Winter Homestead Preparations ~ A Few Tricks of The Trade

As winter fast approaches, the wise homesteader prepares. Having lived all my life in the frigid north, I have learned a thing or two about the realities of winter and the brutal war she can wage against man and beast. After 40 some odd years, I have found few things that make life more bearable and may just give you the upper hand in the battle against old man winter.

Stock Tank Heaters

Something as simple as a stock tank heater can save lots of time and aggravation. No one enjoys spending time, several times a day, breaking the ice on water tanks with an axe. Its hard work, you get yourself wet, and you risk cracking the tank. You also, slowly but surely, lose tank capacity as the ice on the sides builds up. This little add on is well worth the investment.

A Salamander

Here where I farm, a salamander type space heater is a must have tool. Ours runs on fuel oil, but you can choose the best fuel type for your needs. I have 125,000 BTU model and wouldn’t trade it for the world. When pipes get frozen this little beast can thaw them fast! When you have to work on something in the shop, this unit can heat the space to temperature above freezing. When the fuel system on a diesel tractor gels up I use a tarp and this unit to warm the machine up and liquefy the fuel again. When its -30 and all the water lines and drinking cups in the heifer barn freeze, I can run this heater for a few hours and make it like the Bahamas in there! After working outdoors for hours in minus temperatures I often sit in front of this thing on a 5 gallon pail and thaw myself out. This is some of the best money you could ever spend if you farm or homestead in the north.

Block Heaters

If you have a diesel tractor, an engine block heater will save you much grief. I prefer a “circulating tank style” heater. These simple little tools will save you a lot of time and misery. No more running the battery down cranking that engine, hoping that it will start.

Fuel Treatment

Any engines that need to be started in the winter should have their fuel tanks full and treated. Half full tanks will have condensation and lead to frozen lines and plugged up filters. All gas engines should have fuel treated with dry gas. All diesel fuel should be treated with anti-gel conditioner.

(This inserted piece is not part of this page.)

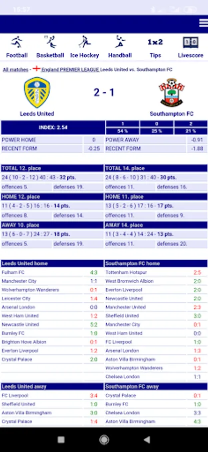 INDEX is based on two main components that build background for our betting tips – current form and power of every team. Current form is calculated from last 6 played games. Power is calculated separately for home games and away games.

Always have a bottle of Diesel 911 on hand. This treatment can de-gel fuel when you can’t get the salamander to the engine.

Heat Tape

If you have livestock, you need water. You can melt snow or haul water for the house but keeping livestock watered means you need to keep the plumbing thawed. In areas where freezing is a problem, heat tape will keep it thawed and running as long as you have electricity to run it.

Proper Winter Clothing

If you spend lots of time outdoors, you owe it to yourself to have the proper clothing. Having farmed in northern NY and trapped in Alaska where I worked outdoors when it was -60 F, I have learned how to dress warm. The first rule is to dress in layers. The second rule is to be smart enough to take layers off when you start to sweat. Always have several pairs of gloves on your person, so they can be changed out when they get wet. When I am on the tractor or otherwise not needing my fingers, these are my choice for covering my hands. Wool socks are a must have item for keeping your feet warm. When I was an Alaskan trapper, “Bunny Boots” were my footwear of choice. They are the warmest boot ever made. In the lower 48 the these boots are my favorite. They are very warm and a little easier to walk in.

Winter can be hard on homesteaders and many a greenhorn has quit after his first one was a bad one. These simple tips, if you choose to try them, will give you a better than average chance of coming into spring with your sanity still intact.